With the French Revolution of 1789, the local elites that included Creole aristocrats, saw the chance to wrest control from the imperial centre, very much like the British colonial elite had achieved with the US War of Independence. They incited several slave revolts to take control away from the royal government, and successfully defeated the Bourbon royalists, but then lost control of the revolution that they had started.

A planter and Jacobin, Toussaint Louverture and his field slave General Jean-Jacques Dessalines took charge of the slave revolt and together with a 7,000 strong Republican army sent from France that had arrived in 1792 defeated the Bourbon and Creole forces (while also slaughtering previously allied Spanish forces). By 1795 Louverture was the sole ruler of northern Saint-Domingue. In 1791 he started a victorious civil war with the southern part of the territory, and then in 1801 invaded the Spanish territory of Santo Domingo on the eastern part of the island; becoming ruler of all of Hispaniola. To maintain the economy, he established forced plantation labour by both Blacks and lower class whites while also working with the parts of the white community that were critical to the commercial operations of the island.
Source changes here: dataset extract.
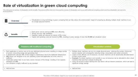 This slide gives an overview of virtualization and its benefits. The purpose of this slide is to showcase the overview of virtualization and issues with traditional computing systems and how virtualization can overcome those problems. Do you have to make sure that everyone on your team knows about any specific topic I yes, then you should give Role Of Virtualization In Green Cloud Computing Eco Friendly Computing IT a try. Our experts have put a lot of knowledge and effort into creating this impeccable Role Of Virtualization In Green Cloud Computing Eco Friendly Computing IT. You can use this template for your upcoming presentations, as the slides are perfect to represent even the tiniest detail. You can download these templates from the Slidegeeks website and these are easy to edit. So grab these today This slide gives an overview of virtualization and its benefits. The purpose of this slide is to showcase the overview of virtualization and issues with traditional computing systems and how virtualization can overcome those problems.

In essence, the Creole ruling class (which was exempt from forced labour) worked with the white ruling class. Very Animal Farm.
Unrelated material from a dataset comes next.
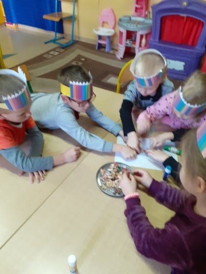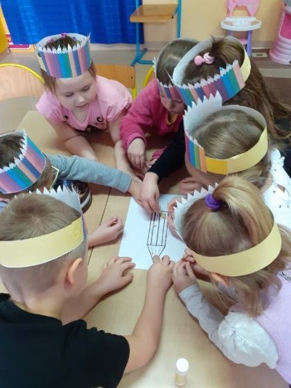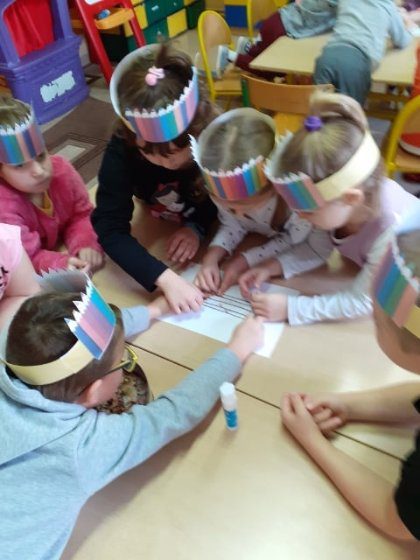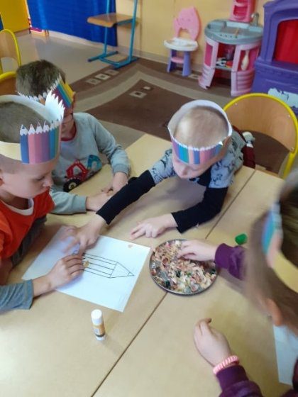 Najpierw dzieci zapoznały się z różnymi rodzajami kredek, potem układały je od najmniejszej do największej i odwrotnie, utrwalały kolory. Wykonały pracę plastyczną z ostrużyn wykleiły kontury kredki. Na koniec wycięły opaskę na głowę z kolorowych kredek i zaśpiewały piosenkę „Kolorowe kredki”.

In 1802, with the French Revolution taken under control and Napoleon appointed as ruler of France, a French expeditionary force of 31,000 was sent to take back the island. After Dessalines defected to the French forces, Louverture was captured and taken to France. When it became evident that the French wanted to reinstate slavery, Dessalines switched sides again and defeated the French forces in 1803 with the help of a British naval blockade. The utter brutality of the fighting had reduced the French force to only 7,000, with 20 French generals dying. In 1804, Dessalines ordered the massacre of the remaining white French people in Saint-Domingue along with others declared as traitors. He ruled as the Emperor of Haiti from 1804 to 1806, ruling over a feudal society until his assassination.

From 1806 to 1820 the island was split into two, before being unified in 1821 under Boyer. Under threat of invasion from a French fleet sent by the French monarch, Boyer agreed to pay France 150 million francs (US$560 million in today’s money) in exchange for the recognition of independence. The payments were a massive load upon the local economy, especially with the hostility of the US and other governments to a state that had beaten and massacred its European overlords. Even by 1900, 80% of Haiti’s government spending was debt repayment and the reparations were not fully repaid until 1947. France had enslaved Haiti once more through the enforced debt. Nationalist forces in Santo Domingo regained their separate independence in 1844, with the island once again being split in two as it continues to be to this day. With Haiti located on the western side of the island.

In1889 the US had attempted to force Haiti to allow for a US naval base, and in 1897 used gunboat diplomacy to humiliate the Haitian government. Then the US occupied Haiti from 1915 to 1934 and imposed a new constitution upon the nation.